What is needed is an exact repeat of the entries, with no pictures in it.

═════ DATA FOR PROCESSING

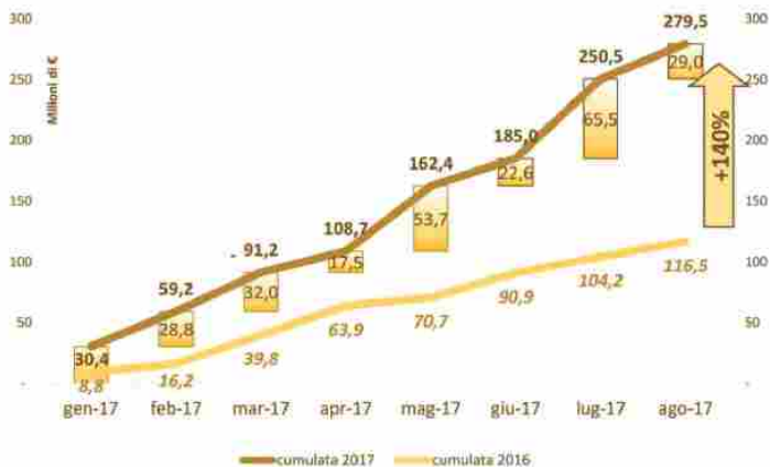
IMPORTI A BASE D'ASTA DELLE GARE PER I SERVIZI DI INGEGNERIA E ARCHITETTURA (SENZA ESECUZIONE) GENNAIO-AGOSTO 2017 E CONFRONTO CON STESSO PERIODO DEL 2017 (VAL. IN MILIONI DI EURO)

E' opportuno evidenziare che il mercato, già in sensibile crescita dall'inizio dell'anno, ha proseguito la fase espansiva anche dopo l'entrata in vigore del Decreto Correttivo al Codice dei Contratti Pubblici (D.Lgs 19/04/2017 n° 56) approvato dal Consiglio dei Ministri il 19 aprile ed entrato in vigore il 20
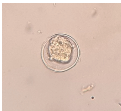
Рис. 4. Яйцо Pseudoterranova decipiens из матки самки (10 × 10) от ларги
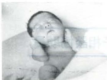
助産施設の利用で立派な赤ちゃんを
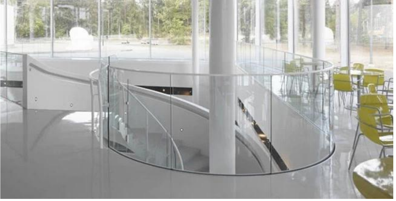
Çin temperli cam makine kavisli
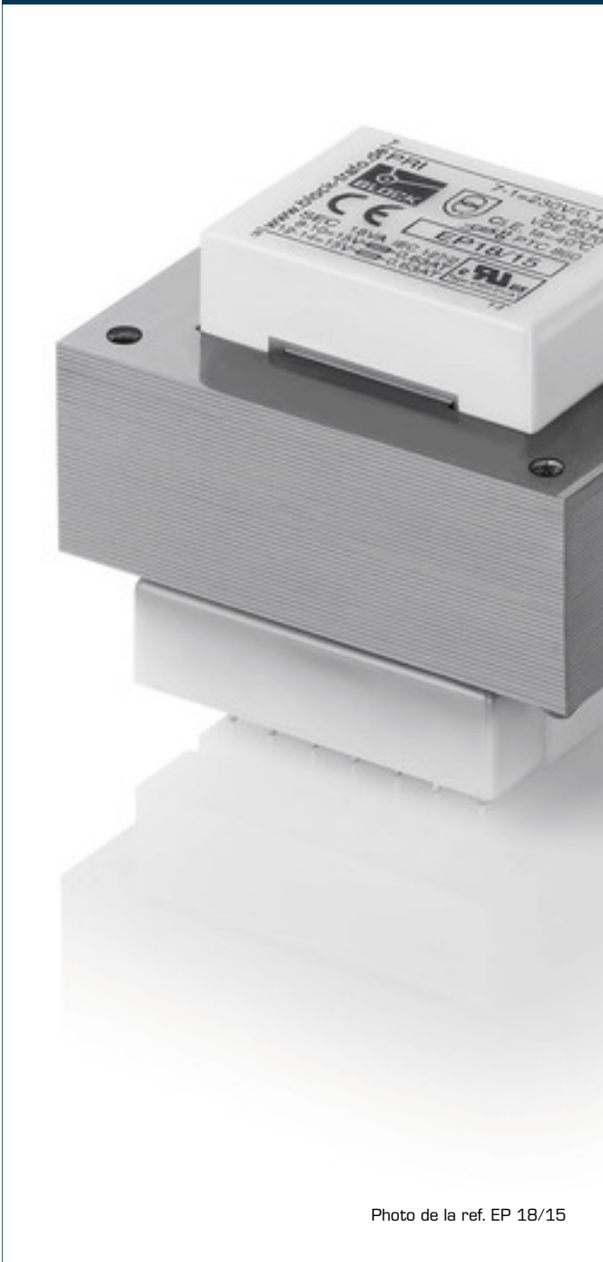
Photo de la ref. EP 18/15
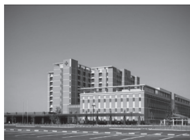
足利赤十字病院（足利市）
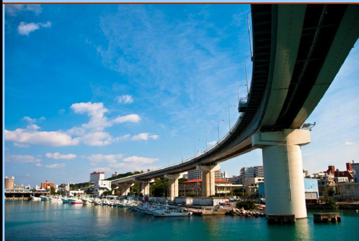
第3回沖測建協フォトコンテスト最優秀賞「泊大橋」
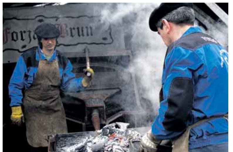
Brun forjariak hauspoari eragiten.

pen prozesu osoa azalduko dute bi egunetan, burdin minerala jasotzetik pieza erabat bukatuta egon arte. Burdinaren prozesua eta historia azalduko dute. Forjariaren zapi belaunaldiren eskarmentua duten forjariarekin batera lanean aritzeko aukera ere izanen dute bisitariak.
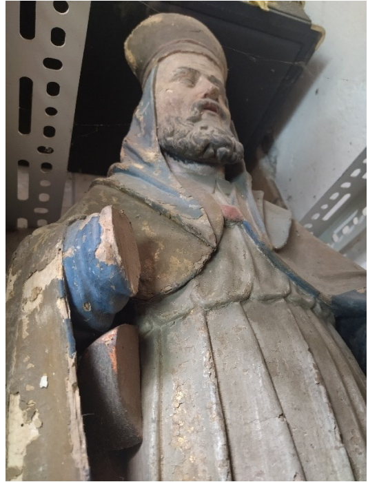
Slika 29. Nepoznati kipar, Neznani svetac , župni dvor, Pakrac

Od ostalih radova originalno namjenjenih i smještenih u župnoj crkvi odnosno sakristiji pronalazimo palu Sv. Antuna Padovanskog s Djetetom (oko 1770. godine) nepoznatog domaćeg
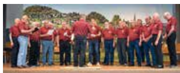
Der Männerchor mit neuen Poloshirts

Am Fyyraabigkonzert trugen wir erstmals die neuen Poloshirts, die
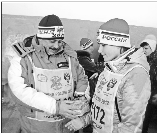
Награждение победителей и снимок на память.
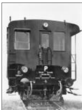
Přední čelo motorového vozu M122.028 z roku 1932
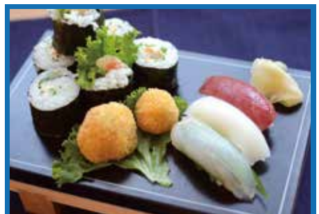
日蘭おしプレート ..... 1,000円

住 所 岩手県下閉伊郡山田町川向町7-5 T E L 0193-82-2306 営 業 11:00~21:00 定休日 不定休

══════════

— EXPECTED ANSWER —
IMPORTI A BASE D'ASTA DELLE GARE PER I SERVIZI DI INGEGNERIA E ARCHITETTURA (SENZA ESECUZIONE) GENNAIO-AGOSTO 2017 E CONFRONTO CON STESSO PERIODO DEL 2017 (VAL. IN MILIONI DI EURO)

E' opportuno evidenziare che il mercato, già in sensibile crescita dall'inizio dell'anno, ha proseguito la fase espansiva anche dopo l'entrata in vigore del Decreto Correttivo al Codice dei Contratti Pubblici (D.Lgs 19/04/2017 n° 56) approvato dal Consiglio dei Ministri il 19 aprile ed entrato in vigore il 20
Рис. 4. Яйцо Pseudoterranova decipiens из матки самки (10 × 10) от ларги
助産施設の利用で立派な赤ちゃんを
Çin temperli cam makine kavisli
Photo de la ref. EP 18/15
足利赤十字病院（足利市）
第3回沖測建協フォトコンテスト最優秀賞「泊大橋」
Brun forjariak hauspoari eragiten.

pen prozesu osoa azalduko dute bi egunetan, burdin minerala jasotzetik pieza erabat bukatuta egon arte. Burdinaren prozesua eta historia azalduko dute. Forjariaren zapi belaunaldiren eskarmentua duten forjariarekin batera lanean aritzeko aukera ere izanen dute bisitariak.
Slika 29. Nepoznati kipar, Neznani svetac , župni dvor, Pakrac

Od ostalih radova originalno namjenjenih i smještenih u župnoj crkvi odnosno sakristiji pronalazimo palu Sv. Antuna Padovanskog s Djetetom (oko 1770. godine) nepoznatog domaćeg
Der Männerchor mit neuen Poloshirts

Am Fyyraabigkonzert trugen wir erstmals die neuen Poloshirts, die
Награждение победителей и снимок на память.
Přední čelo motorového vozu M122.028 z roku 1932
日蘭おしプレート ..... 1,000円

住 所 岩手県下閉伊郡山田町川向町7-5 T E L 0193-82-2306 営 業 11:00~21:00 定休日 不定休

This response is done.